Various Approaches to Addressing Unit Commitment Issues in Electric Power Plants

In this work, the Unit Commitment (UC) problem has been investigated.   In order to ensure that the demand for energy is constantly met at the lowest feasible cost, the challenge is in determining which subset of generating units within a power system is particularly effective.    Additionally, heuristics, dynamic programming, and Lagrangian relaxation are some of the approaches that are being researched.  The uniform convergence (UC) problem is characterized by a number of intrinsic complexities, and each of these techniques is designed to accommodate those complexities.  There are a great number of operational restrictions that are responsible for these levels of complexity.  These kinds of limitations include things like the requirements for the spinning reserve, the restraints on the thermal unit, the availability of fuel, and the emission regulations.  The purpose of this research is to provide light on the effectiveness of a number of contemporary optimization approaches, including enumeration methods, integer programming, and evolutionary algorithms, among others. This research examined how a regional power system operated normally and under emergency situations by studying distribution of power loads alongside generator capacity as well as backup reserves and inter-regional power transfer.
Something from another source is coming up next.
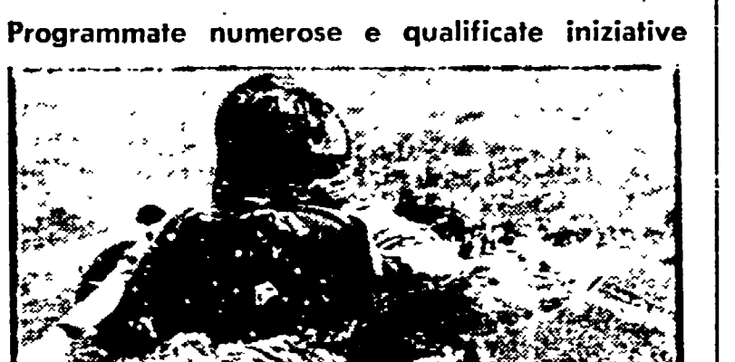
Vasil Lazaev, comandante della «Soyuz-12» durante una prova in mare in caso di atterraggio su una superficie d'acqua. L'astronauta sarà presente all'inaugurazione della «mostra spaziale» a Cagliari.

Programmate numerose e qualificate iniziative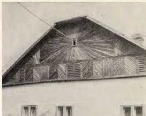
12. Szeged-Alsóváros, Nyíl u. 47.

közölt és fényképarchívumokban felkutatott ábrázolásokat ismerve megállapítható, hogy az oromdíszítés legváltozatosabb formában a szegedi tájon jelentkezett. Ha ennek a gazdasági-társadalmi összetevőit vizsgáljuk, mai ismereteink szerint három körülményt kell kiemelniük:

The analysis examined both major power plant outages which disrupt the system balance especially when units 7 and 8 fail and what happens when power demand exceeds capacity. The analysis demonstrated that the system has acceptable performance during regular operations but significantly depends on Southern region resources after unit failures cause reduced spinning reserves with substantial interchanges occurring. Tests of increased power demand confirmed that Eastern and Western regions faced essential power deficits reaching 650 MW. System reliability depends on proper distribution of generating sources combined with strategic reserve margin reinforcement together with improved power flow flexibility between regions.